BEGIN

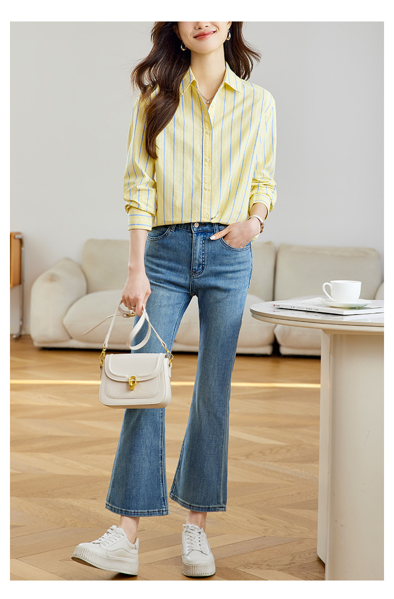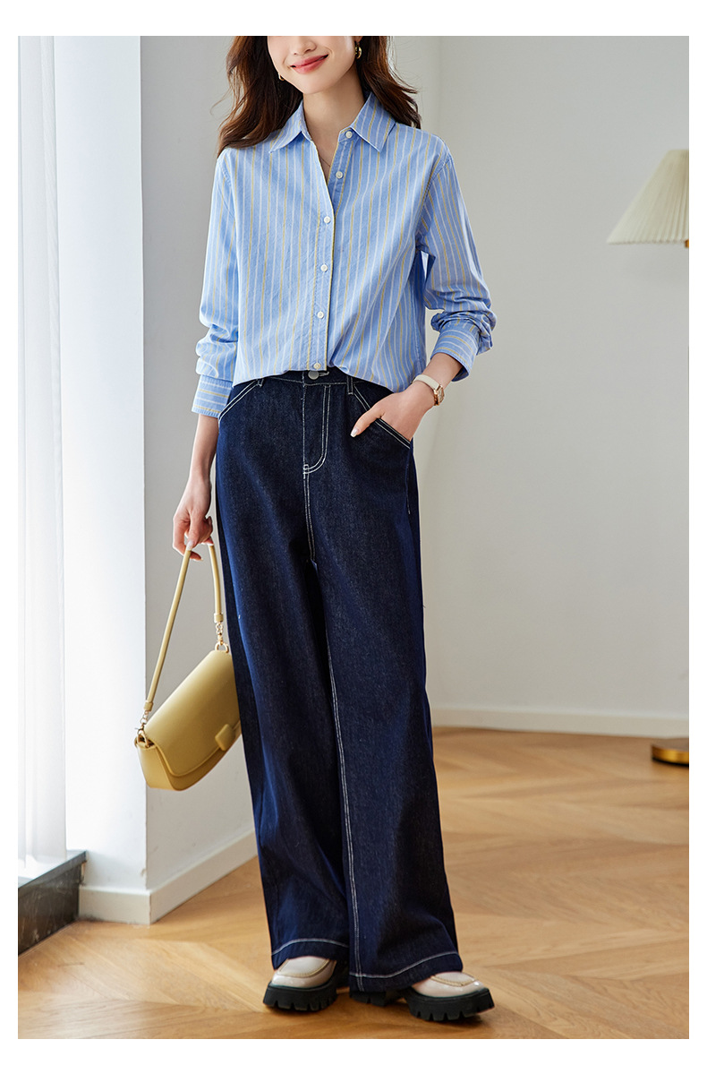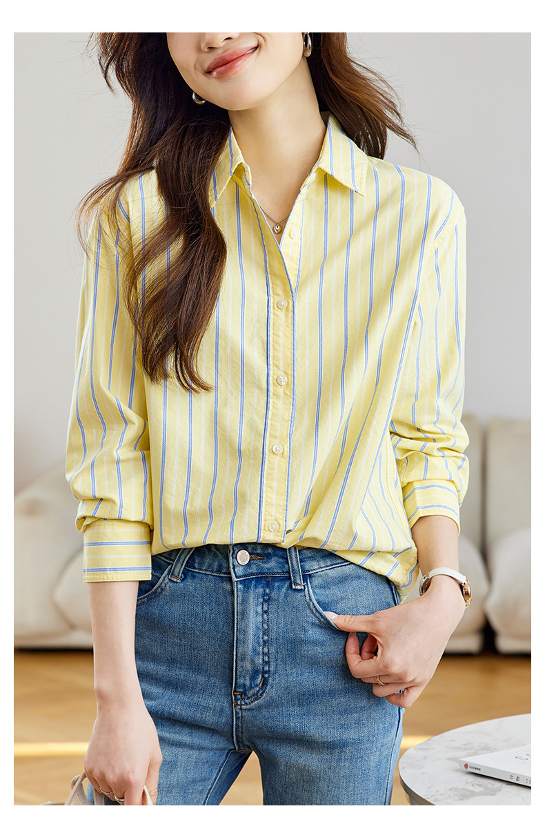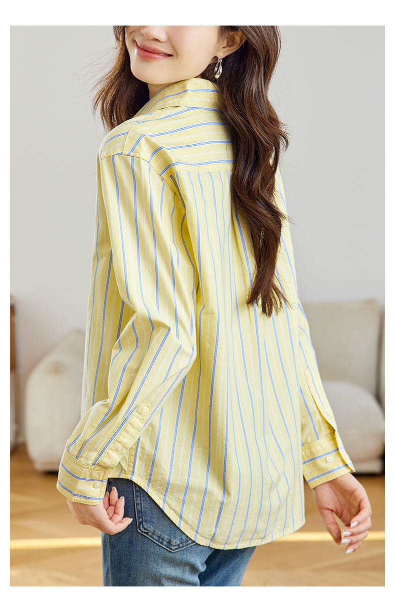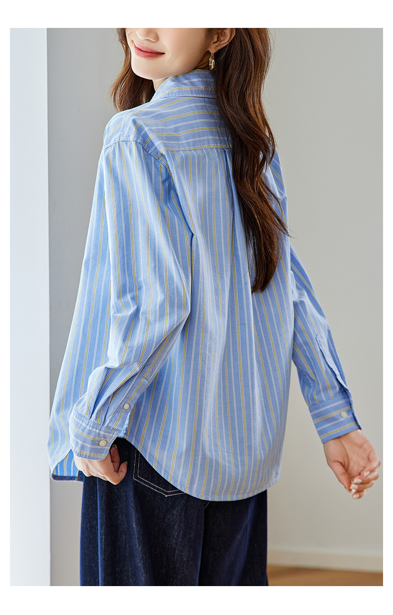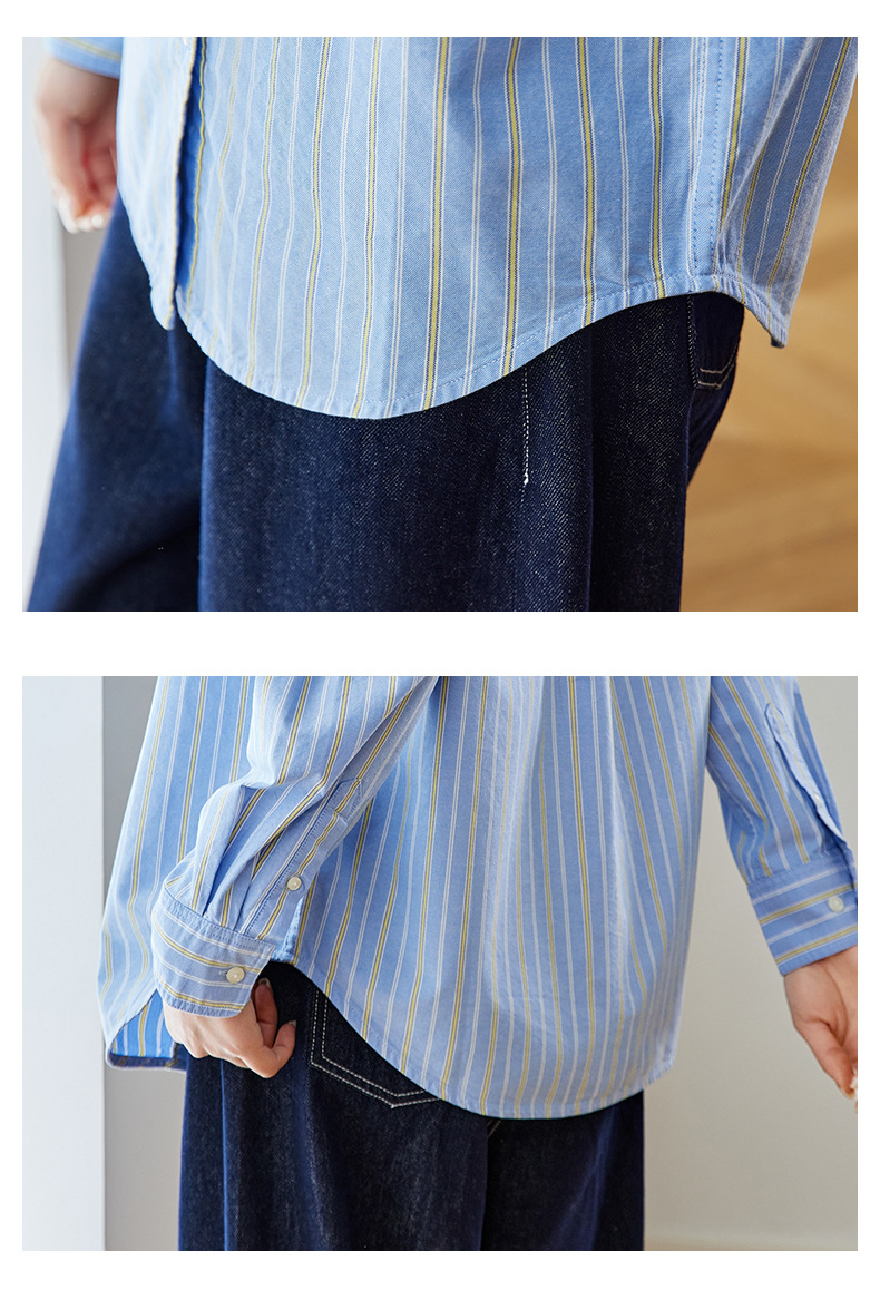 공장 직판 배색 스트라이프 셔츠 여성용 2026 봄 가을 신상 캐주얼 루즈핏 탑 한국 스타일 패션 셔츠스토어 가기
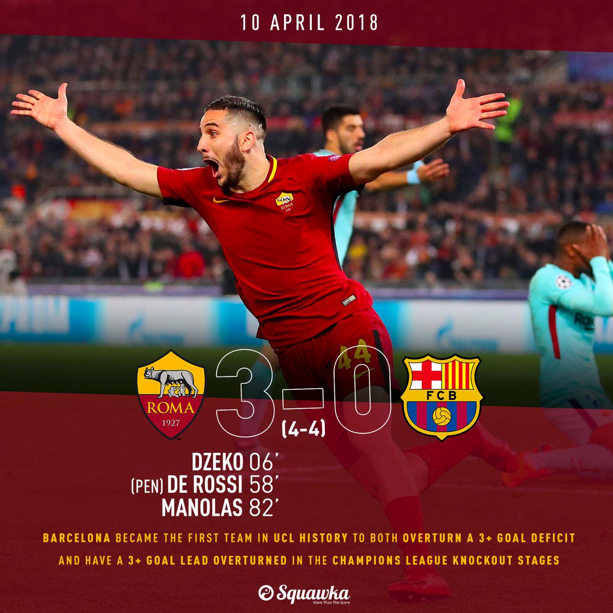 Il 10 aprile 2018, la Roma ha sconfitto il Barcellona per 3-0 allo Stadio Olimpico, compiendo una delle rimonte più iconiche nella storia della UEFA Champions League. Dopo aver perso la gara d'andata dei quarti di finale per 4-1 al Camp Nou, i giallorossi si sono qualificati per le semifinali grazie alla regola dei gol in trasferta (punteggio aggregato di 4-4)
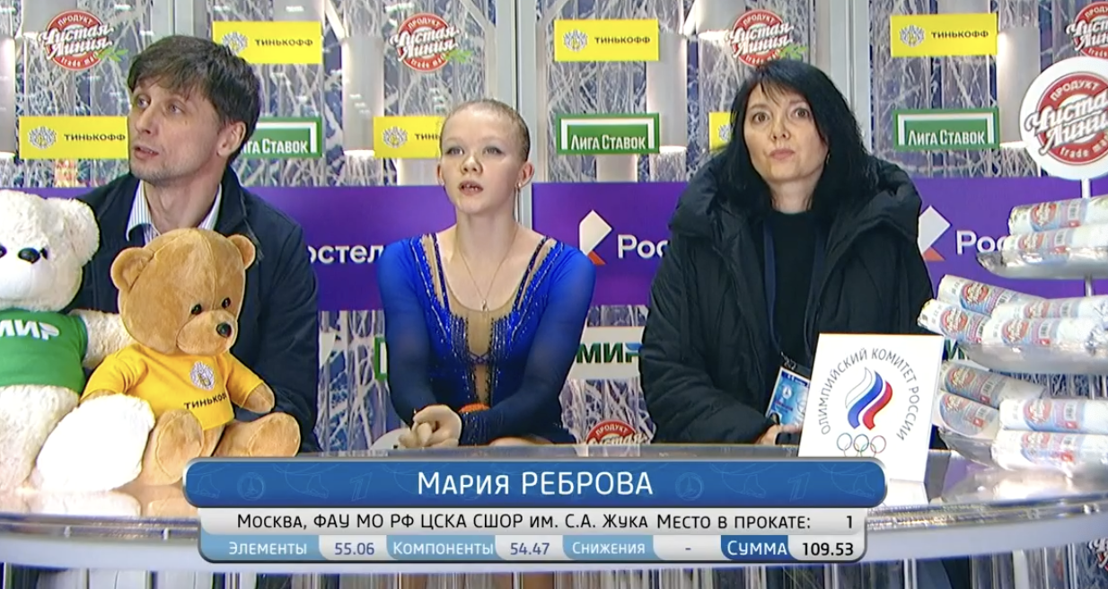 Только под конец программы Реброва начала допускать явные ошибки — с трудом выехала с последнего прыжка в каскаде двойной аксель + ойлер + тройной сальхов, а перевалилась на вторую ногу и чуть не упала с тройного флипа.
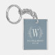 Elegant Monogram Dusty Blue Family Name Key Ring
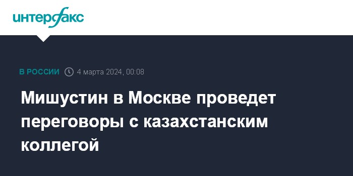 Мишустин в Москве проведет переговоры с казахстанским коллегой
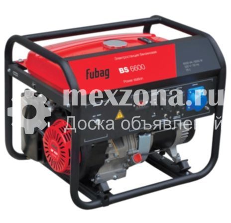 Бензиновая электростанция Fubag BS 6600 предназначена для непродолжительных работ на производстве и электроснабжения в доме. Технические характеристики: номинальная мощность 6.0 кВт, максимальная мощность 6.5 кВА, тип генератора синхронный, двигатель 4-х тактный OHV, мощность двигателя 10.9 л.с., стартер ручной, бак 25 л, вид топлива бензин АИ-92, расход топлива ~3,3 л/час (при 75% нагрузке), время непрерывной работы 7.5 ч., защита от перегрузок, охлаждение воздушное, две розетки напряжением 220 В, 16А, частота 50 Гц, класс защиты IP 23, уровень шума 97 дБ, габариты 700x530x570 мм, вес 80 кг.
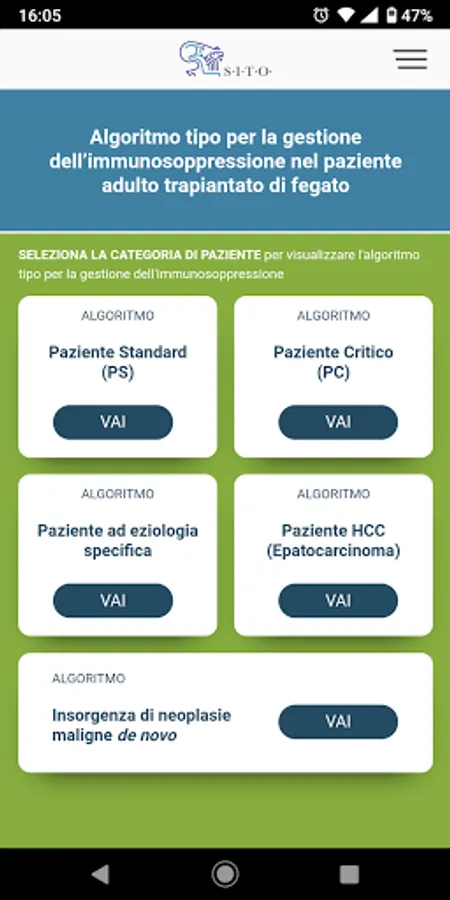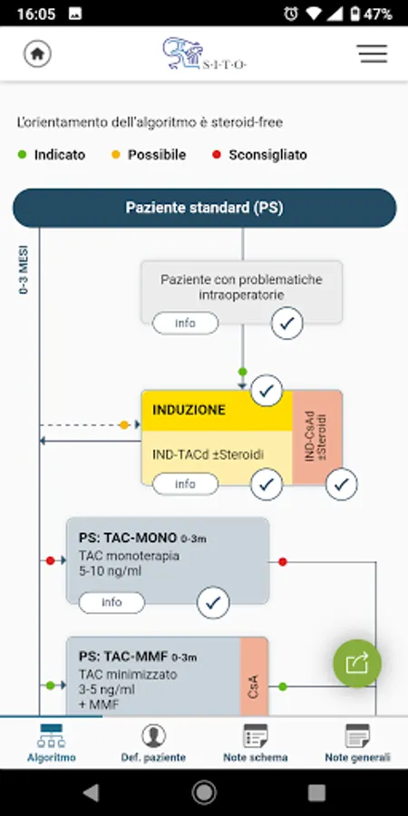 An interactive tool, developed by the Italian Society of Organ and Tissue Transplants, for consulting the "Typical algorithm for the management of immunosuppression in the adult liver transplant patient" with the aim of providing the basic elements and food for thought to guide the therapeutic choice.
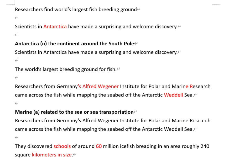 - 比對打出來的句子跟原文的差異,將錯誤和不認識的單字用紅色標記出來。請一定要仔細比對!這樣你才能知道自己語法的慣性錯誤和更了解英文的慣用語
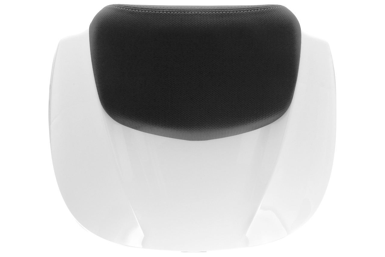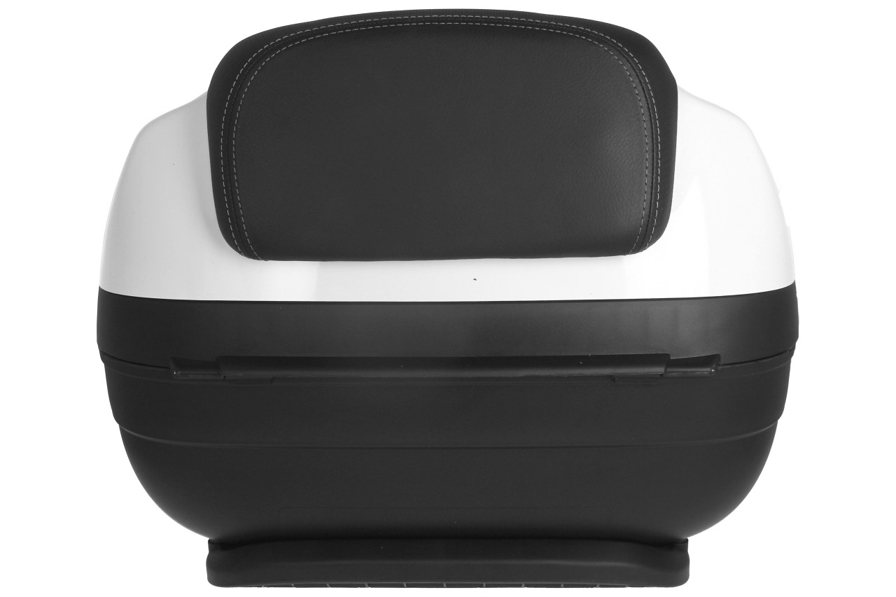 Topkoffer met snelmontagesysteem. Biedt ruimte voor een modulaire helm. Bovenste koffer gelakt in de kleur van het voertuig, met comfort rugkussen voor de passagier, in hetzelfde materiaal en dezelfde afwerking als de zitting.
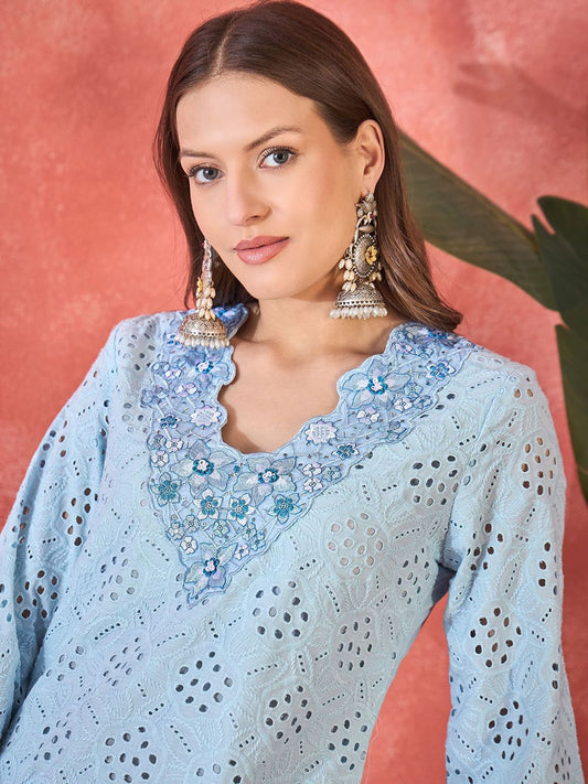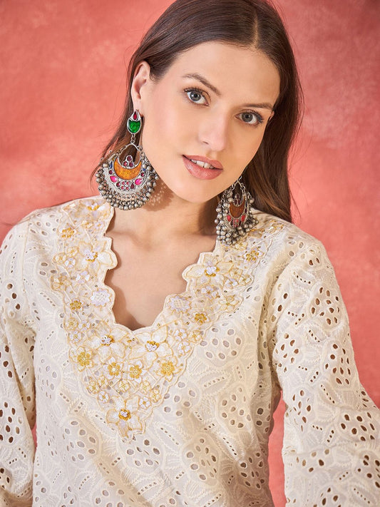 Dhiyona SN Women's Floral Schiffli Embroidered Thread Work Pure Cotton Straight Kurta With Trousers
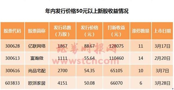 今年以来,发行价格超过50元的新股已有4只,分别是发行价格高达88.67元的亿联网络、55.64元的富瀚微、54.35元的尚品宅配、50.08元的欧派家居。从打新收益来看,亿联网络在上市后连续收获了11个涨停板,最高冲至378.67元,打新收益为12.8万元(以开板当日收盘价计);富瀚微上市后连涨14个停板,打新收益也达到11.46万元。相比之下,尚品宅配与欧派家居打新收益稍微逊色,仅为6万多元,不过与同期上市新股相比仍高出一截。高发行价意味着“肉多”,这一点确实没错。

END

Set the entire listing down again, exact in every line, without any pictures.

Response below ▸
 공장 직판 배색 스트라이프 셔츠 여성용 2026 봄 가을 신상 캐주얼 루즈핏 탑 한국 스타일 패션 셔츠스토어 가기
 Il 10 aprile 2018, la Roma ha sconfitto il Barcellona per 3-0 allo Stadio Olimpico, compiendo una delle rimonte più iconiche nella storia della UEFA Champions League. Dopo aver perso la gara d'andata dei quarti di finale per 4-1 al Camp Nou, i giallorossi si sono qualificati per le semifinali grazie alla regola dei gol in trasferta (punteggio aggregato di 4-4)
 Только под конец программы Реброва начала допускать явные ошибки — с трудом выехала с последнего прыжка в каскаде двойной аксель + ойлер + тройной сальхов, а перевалилась на вторую ногу и чуть не упала с тройного флипа.
 Elegant Monogram Dusty Blue Family Name Key Ring
 Мишустин в Москве проведет переговоры с казахстанским коллегой
 Бензиновая электростанция Fubag BS 6600 предназначена для непродолжительных работ на производстве и электроснабжения в доме. Технические характеристики: номинальная мощность 6.0 кВт, максимальная мощность 6.5 кВА, тип генератора синхронный, двигатель 4-х тактный OHV, мощность двигателя 10.9 л.с., стартер ручной, бак 25 л, вид топлива бензин АИ-92, расход топлива ~3,3 л/час (при 75% нагрузке), время непрерывной работы 7.5 ч., защита от перегрузок, охлаждение воздушное, две розетки напряжением 220 В, 16А, частота 50 Гц, класс защиты IP 23, уровень шума 97 дБ, габариты 700x530x570 мм, вес 80 кг.
 An interactive tool, developed by the Italian Society of Organ and Tissue Transplants, for consulting the "Typical algorithm for the management of immunosuppression in the adult liver transplant patient" with the aim of providing the basic elements and food for thought to guide the therapeutic choice.
 - 比對打出來的句子跟原文的差異,將錯誤和不認識的單字用紅色標記出來。請一定要仔細比對!這樣你才能知道自己語法的慣性錯誤和更了解英文的慣用語
 Topkoffer met snelmontagesysteem. Biedt ruimte voor een modulaire helm. Bovenste koffer gelakt in de kleur van het voertuig, met comfort rugkussen voor de passagier, in hetzelfde materiaal en dezelfde afwerking als de zitting.
 Dhiyona SN Women's Floral Schiffli Embroidered Thread Work Pure Cotton Straight Kurta With Trousers
 今年以来,发行价格超过50元的新股已有4只,分别是发行价格高达88.67元的亿联网络、55.64元的富瀚微、54.35元的尚品宅配、50.08元的欧派家居。从打新收益来看,亿联网络在上市后连续收获了11个涨停板,最高冲至378.67元,打新收益为12.8万元(以开板当日收盘价计);富瀚微上市后连涨14个停板,打新收益也达到11.46万元。相比之下,尚品宅配与欧派家居打新收益稍微逊色,仅为6万多元,不过与同期上市新股相比仍高出一截。高发行价意味着“肉多”,这一点确实没错。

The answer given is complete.